- **WORK ORDER**: From the data that follows, set down exactly the lines from the one with "What is Included" through the one with "Opis sadržaja: a", counting both. Pictures stay out.
........
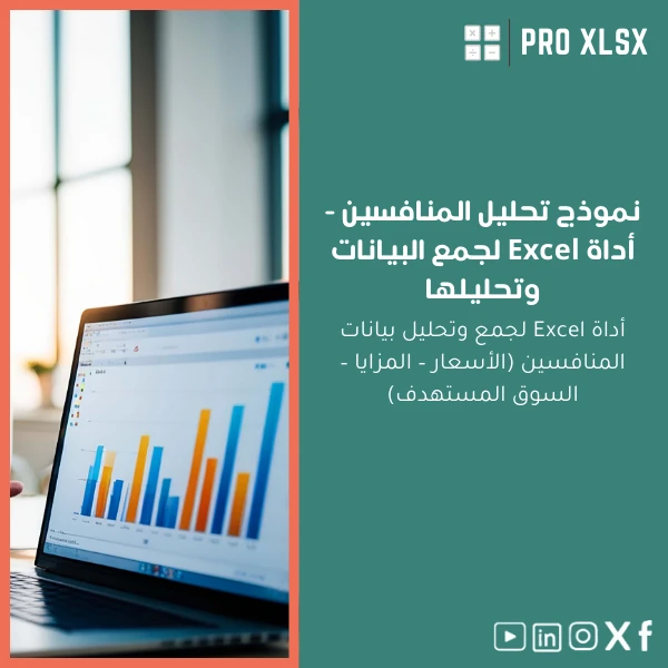 احصل على نموذج تحليل المنافسين بصيغة Excel الآن وابدأ فوراً بجمع ومقارنة أسعار ومزايا المنافسين وإخراج تقارير جاهزة للعرض على الإدارة. يدعم ProXlsx تخصيصاً سريعاً بالساعة إذا رغبت بتسريع التنفيذ.
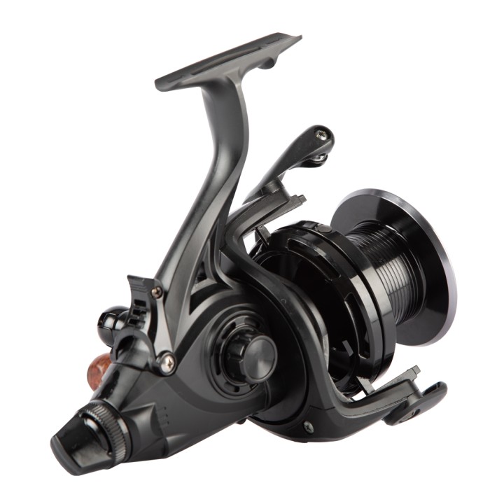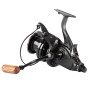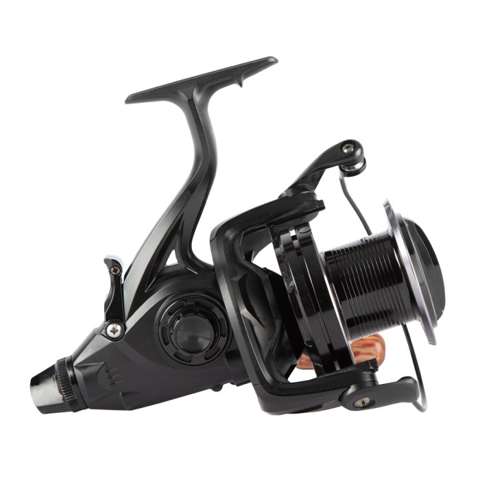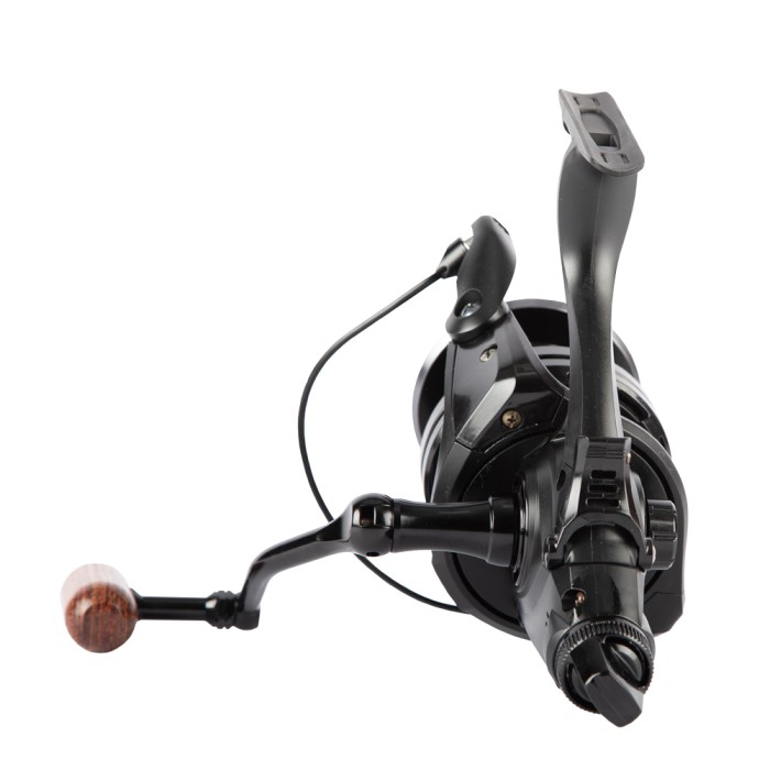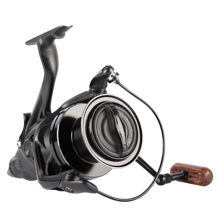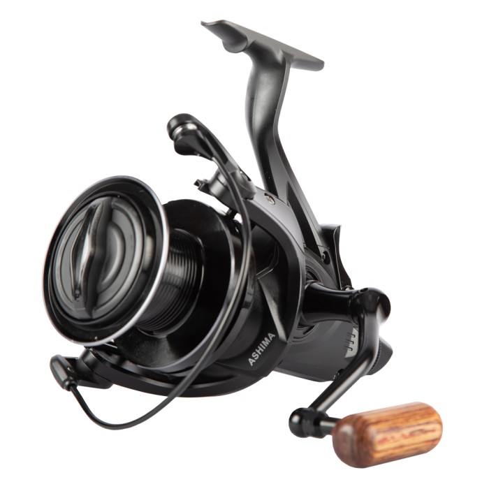 Ashima FFX-XL free runner reel is the new Big Pit from Ashima. With a line capacity of 400 m / 0.35 mm, this reel can be used for multi-purposes. The reel is supplied with a black aluminium spool with gun smoke details and has a matte black body. The handle is equipped with a wooden handle. The ratio of the FFX-XL is 4.6: 1.
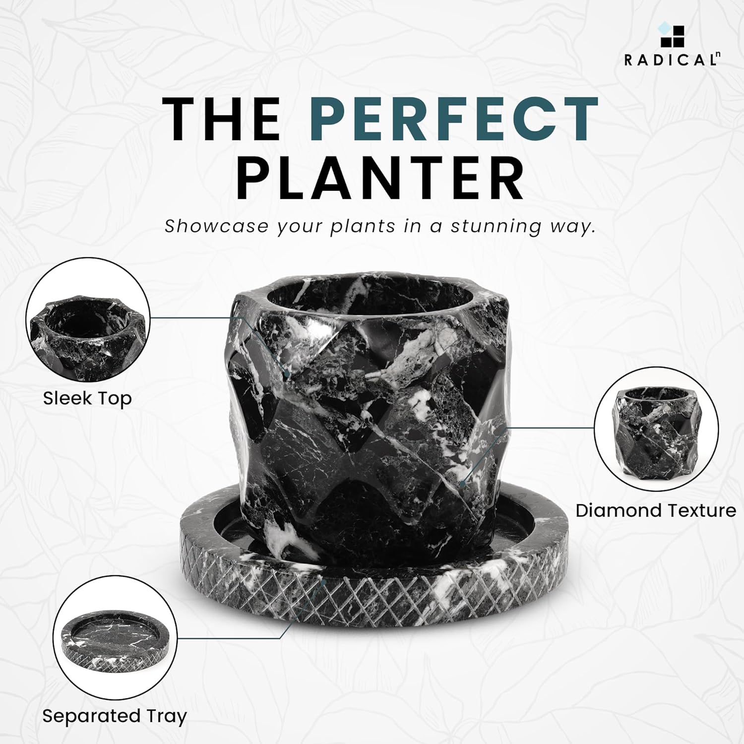 What is Included - 1 x Marble Planter & 1 x Saucer. Comes Along With RADICALn Branded Secure Packaging.
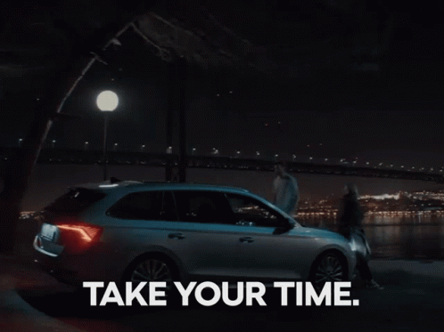 Opis sadržaja: a woman standing next to a car with the words take your time
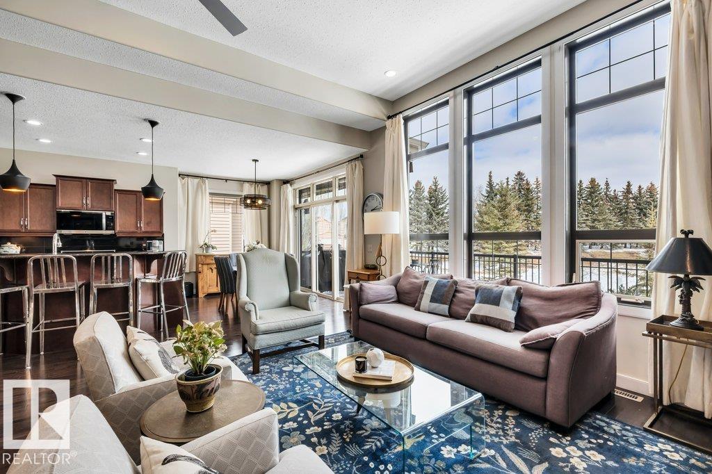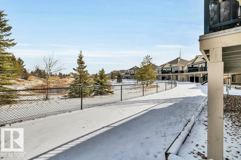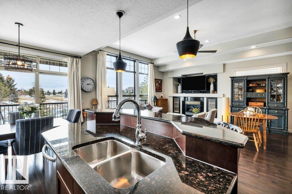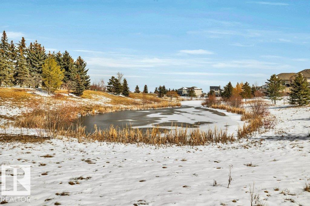 Experience elevated living in this bare land condo - a 1,415 sq ft detached, raised bungalow, set in a quiet oasis overlooking an active wildlife pond. Upstairs find a den/home office inside the front entry. A bright kitchen features maple cabinets, granite counters, island w/ raised bar & a pantry. Sliding glass doors in dining area open onto a 10'ž28' deck w/ retractable awning allowing for sheltered outdoor living. The great room has enormous windows, a gas FP with side storage & recessed shelving above. Primary bedroom includes a newer 4-pc ensuite w/ spa shower, excellent storage & a walk-in closet. Also find a 2-pce guest bath with a laundry room beyond. The fully finished lower level has large windows in the family & games/sewing rooms w/ a 2-sided gas FP & wet bar. 2 additional bedrooms, 4-pc bath & ample storage complete the home. Double attached insulated garage has H&C taps. Landscaping with underground sprinklers, mowing & snow removal all taken care of for you! New shingles 2025.
........
- **SOLUTION FOR THIS PROBLEM**:
 What is Included - 1 x Marble Planter & 1 x Saucer. Comes Along With RADICALn Branded Secure Packaging.
 Opis sadržaja: a woman standing next to a car with the words take your time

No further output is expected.